# Killing crickets



## miffikins (Feb 25, 2007)

Whats the best way of killing crickets without damaging them?? I've added another angle to my final year enrichment project, and I'm trying to prove that feeding live insects is beneficial enrichment as it promotes natural behaviours (eg stalking, hunting).
So to do this I have to offer dead insects and live ones on seperate occasions and see if there is any change in behavioural profile. So, I need fresh killed crickets, but I don't know how to do it! Any ideas??

Cheers : victory:


----------



## snakelover (Dec 17, 2006)

smack em on da head wid ya finger?


----------



## SiUK (Feb 15, 2007)

pinch them just below the head on the neck sort of area with a pair of tweezers kills them easily with minimal damage


----------



## quizicalkat (Jul 7, 2007)

put a water bowl in with them - they do it themselves...


----------



## miffikins (Feb 25, 2007)

Cheers guys, I might have a go with the tweezers!

: victory:


----------



## Ssthisto (Aug 31, 2006)

Pop 'em in the freezer for fifteen or twenty minutes.


----------



## DeanThorpe (Apr 9, 2006)

yeh...I think freezing them is the best way.....i have tried to k.o a cricket by flicking it..never have much luck lol


----------



## vic13 (Aug 27, 2007)

Agree with squeezing just behind their head. The only icky thing with that is though, they keep wiggling for AGES!!! :lol2: 

I've even removed heads before now only to find them walking around the viv an hour later!! No chance of them biting anymore though :lol2:


----------



## HABU (Mar 21, 2007)

what were the crickets guilty of ???????:lol2:


----------



## xmashx (Sep 14, 2007)

This sounds interresting but i was wondering if this was for school, college, uni or just for your own thing to prove to other rep owners ?
xsachax


----------



## spendleb (Jul 17, 2007)

Drown them, had to do that a few times to get rid of the odd couple in the bottom of the Kricket Keeper who won't come out to play with Harry.


----------



## Maxxed_Ross (Oct 1, 2007)

the freezer sounds like a safe bet... plus it'll keep them fresh!

I know from experiance my BD won't even touch dead insects.
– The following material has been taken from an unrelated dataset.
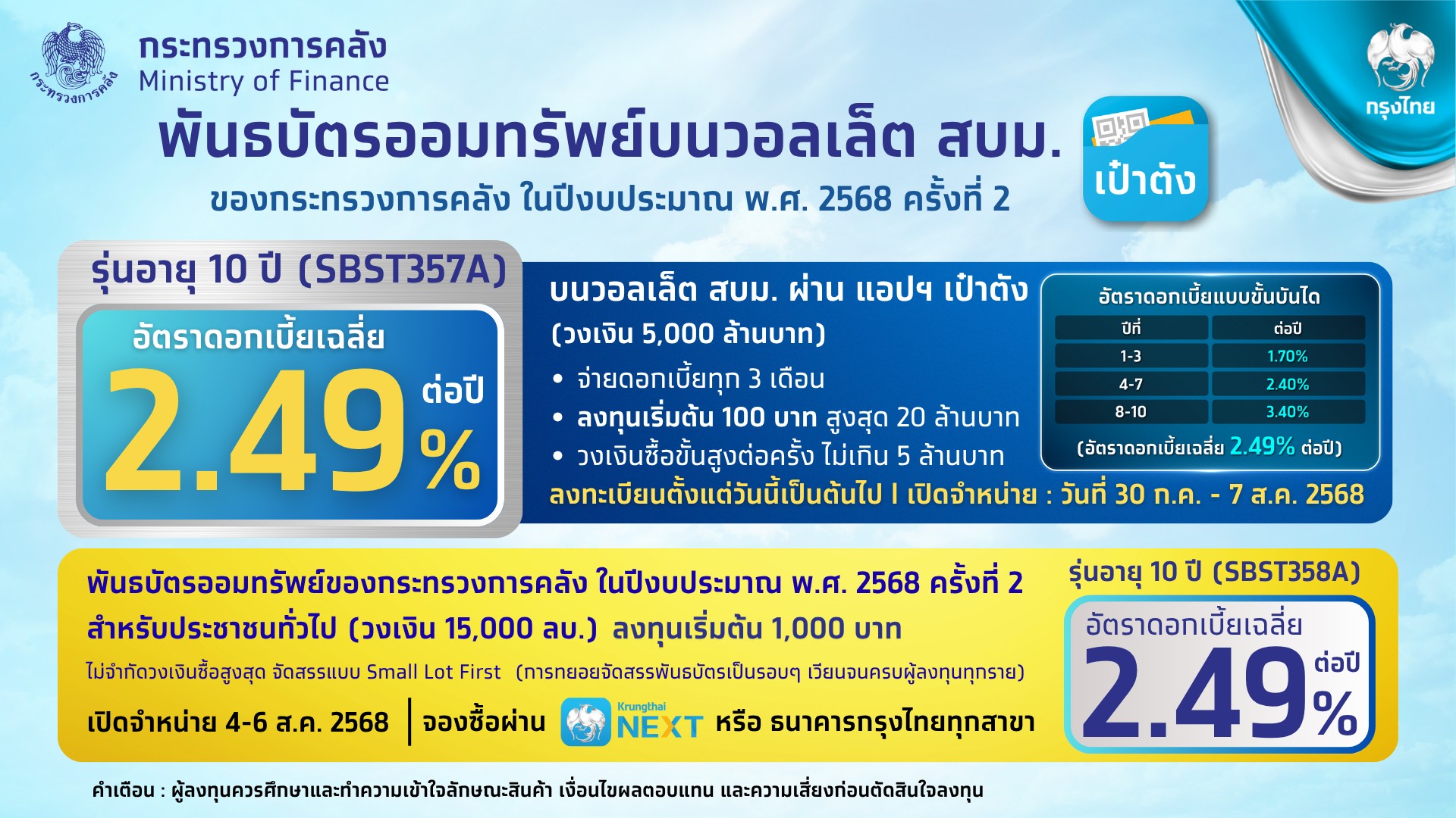 22 ก.ค. – ธนาคารกรุงไทย เดินหน้าตอบโจทย์ผู้ลงทุนอย่างต่อเนื่อง เพื่อสร้างความมั่นคงทางการเงิน เตรียมเสนอขายพันธบัตรออมทรัพย์วอลเล็ต สบม. ของกระทรวงการคลัง ปีงบประมาณ 2568 ครั้งที่ 2 ผ่านแอปฯ เป๋าตัง วงเงิน 5,000 ล้านบาท รุ่นอายุ 10 ปี อัตราดอกเบี้ยแบบขั้นบันไดเฉลี่ย 2.49% ต่อปี ลงทุนง่าย เริ่มต้นเพียง 100 บาท เสนอขาย 30 ก.ค.-7 ส.ค.นี้

He sits and watches them for ages until they move, and then he pounces on them!


----------



## ViRMiN (Aug 6, 2007)

Freezing! As used by angler's to prepare dead maggots for baiting or certain fishing methods.


----------



## bhimpfen (Aug 11, 2007)

I think freezing is best. It'll make sure nothing is smooshed my tweezing or anything of that sort.


----------



## titch 1987 (Sep 24, 2007)

wen i try drowning crix they swim out mite hold them under next time :lol2:


----------



## bhimpfen (Aug 11, 2007)

titch 1987 said:


> wen i try drowning crix they swim out mite hold them under next time :lol2:


I noticed lots of crickets can get out of the water by jumping, only a few die in water.


----------



## Rico (Jan 5, 2007)

I used to keep tarantulas a few years ago and if i ran out of micro crickets for my spiderlings id freeze a bigger one and feed them the legs or a piece of the body.


----------